Occupy could have also included Buena Vista High School in its list of austerity consequences. The Michigan school was closed six weeks early because the district—comprising 400 mostly black, mostly poor students—doesn’t have enough money to continue operations. The district has laid off all its teachers and all but three employees.

On the West Coast, another offshoot of the Occupy movement, Occupy The Farm, experienced a resurgence this week when activists returned to a plot of land owned by the University of California where a few of them had been arrested earlier in the day.

The activists had moved in over the weekend in order to plant crops.

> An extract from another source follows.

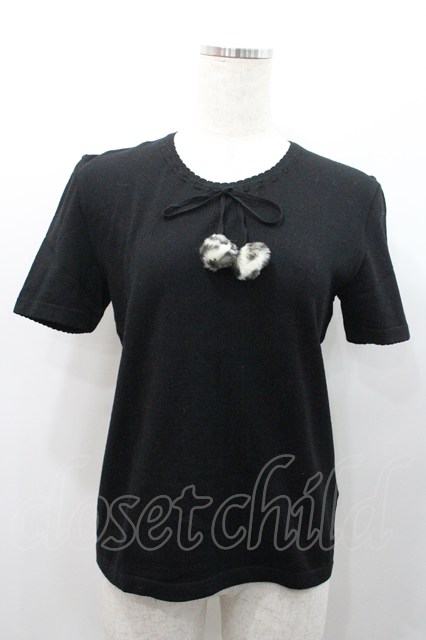 INGEBORG / レオパードファーポンポン付きプルオーバー L ブラック I-26-01-31-037-LO-TO-SA-ZI
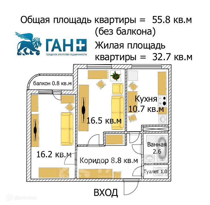 Общая площадь квартиры 55.80 кв.м. (без балкона).

Last spring, I wrote about Occupy the Farm’s efforts to highlight the issues of food sovereignty, climate change and the overall health of society. At the time, OTF activists had moved onto the Gill Tract, a patch of land along the San Pablo Avenue in Albany, California. The location was chosen because Gill Tract contains the last acres of Class One soil left in the urbanized East Bay. According to the group, ninety percent of the original land has been paved over and developed, irreversibly contaminating the land.

“We envision a future of food sovereignty,” OTF stated, “in which our East Bay communities make use of available land—occupying it where necessary—for sustainable agriculture to meet local needs.”

Food sovereignty is really an issue of food security, which is why this movement has been embraced at a global level. La Via Campesina, an international movement that coordinates peasant organizations of small producers, agricultural workers, rural women and indigenous communities from Asia, Africa, the Americas and Europe, defines food sovereignty as “the right of people to define agriculture and food policy, including prioritizing local agricultural production, access of peasants and landless people to land, water, seeds and credit.”

A healthy society eats good food and ensures the sovereignty and dignity of the people growing its food.

OTF activists have returned a year later to Gill Tract in order to fight the same battle. “This space is really important,” said organizer Lesley Haddock. “We’re not going away.”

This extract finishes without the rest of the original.